### Dataset content
------------------------

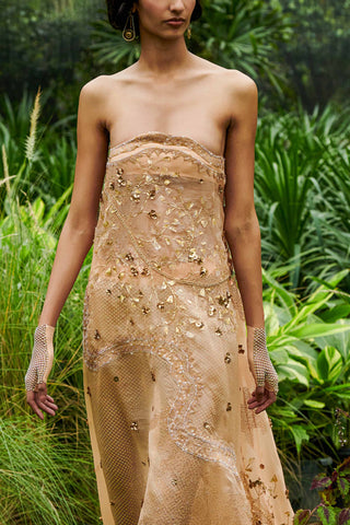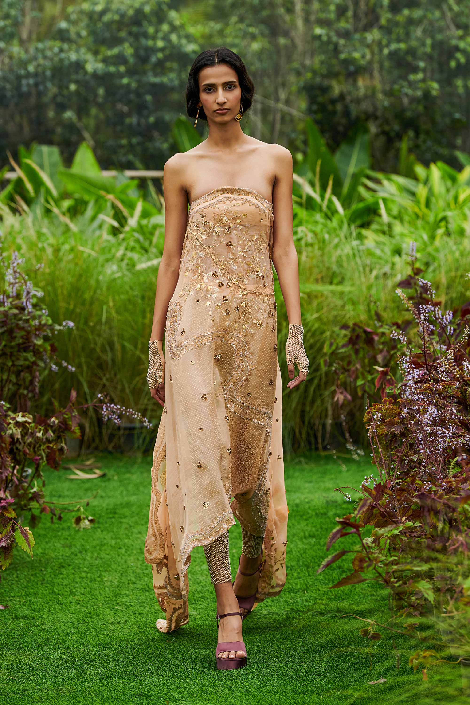 A modern take on celebratory silhouettes, the top features a gliding layer of silk organza decorated with tonal embroidery & handcrafted resin elements, paired with cigarette pants in crystal mesh for a striking statement
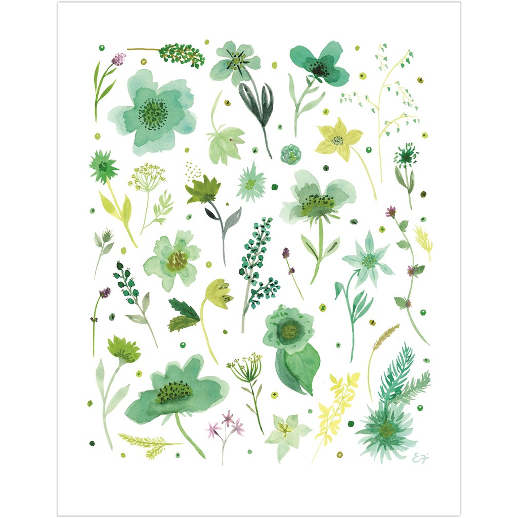 This verdant flowers art print features watercolor floral illustrations by South Carolina artist Erika Firm in her favorite colors: green and more green.
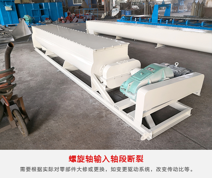由于螺旋給料機(jī)安裝時(shí),螺旋軸同軸度超差或選軸時(shí)安全系數(shù)偏低等引起,根據(jù)生產(chǎn)需要進(jìn)行設(shè)備改造維護(hù),當(dāng)工藝變化,超出設(shè)備性能范圍時(shí),繼續(xù)運(yùn)行會(huì)造成設(shè)備快速損壞,甚至滿(mǎn)足不了生產(chǎn)工藝要求,影響正常生產(chǎn)。需要根據(jù)實(shí)際情況和現(xiàn)場(chǎng)條件,對(duì)零部件大修更換,如變更驅(qū)動(dòng)系統(tǒng),改變傳動(dòng)比,提高備件材料性能或尺寸變化,直至更換設(shè)備。

------------------------

### Task objective
Once the pictures are set aside, give every line above again without alteration.

### Problem solution
 A modern take on celebratory silhouettes, the top features a gliding layer of silk organza decorated with tonal embroidery & handcrafted resin elements, paired with cigarette pants in crystal mesh for a striking statement
 This verdant flowers art print features watercolor floral illustrations by South Carolina artist Erika Firm in her favorite colors: green and more green.
由于螺旋給料機(jī)安裝時(shí),螺旋軸同軸度超差或選軸時(shí)安全系數(shù)偏低等引起,根據(jù)生產(chǎn)需要進(jìn)行設(shè)備改造維護(hù),當(dāng)工藝變化,超出設(shè)備性能范圍時(shí),繼續(xù)運(yùn)行會(huì)造成設(shè)備快速損壞,甚至滿(mǎn)足不了生產(chǎn)工藝要求,影響正常生產(chǎn)。需要根據(jù)實(shí)際情況和現(xiàn)場(chǎng)條件,對(duì)零部件大修更換,如變更驅(qū)動(dòng)系統(tǒng),改變傳動(dòng)比,提高備件材料性能或尺寸變化,直至更換設(shè)備。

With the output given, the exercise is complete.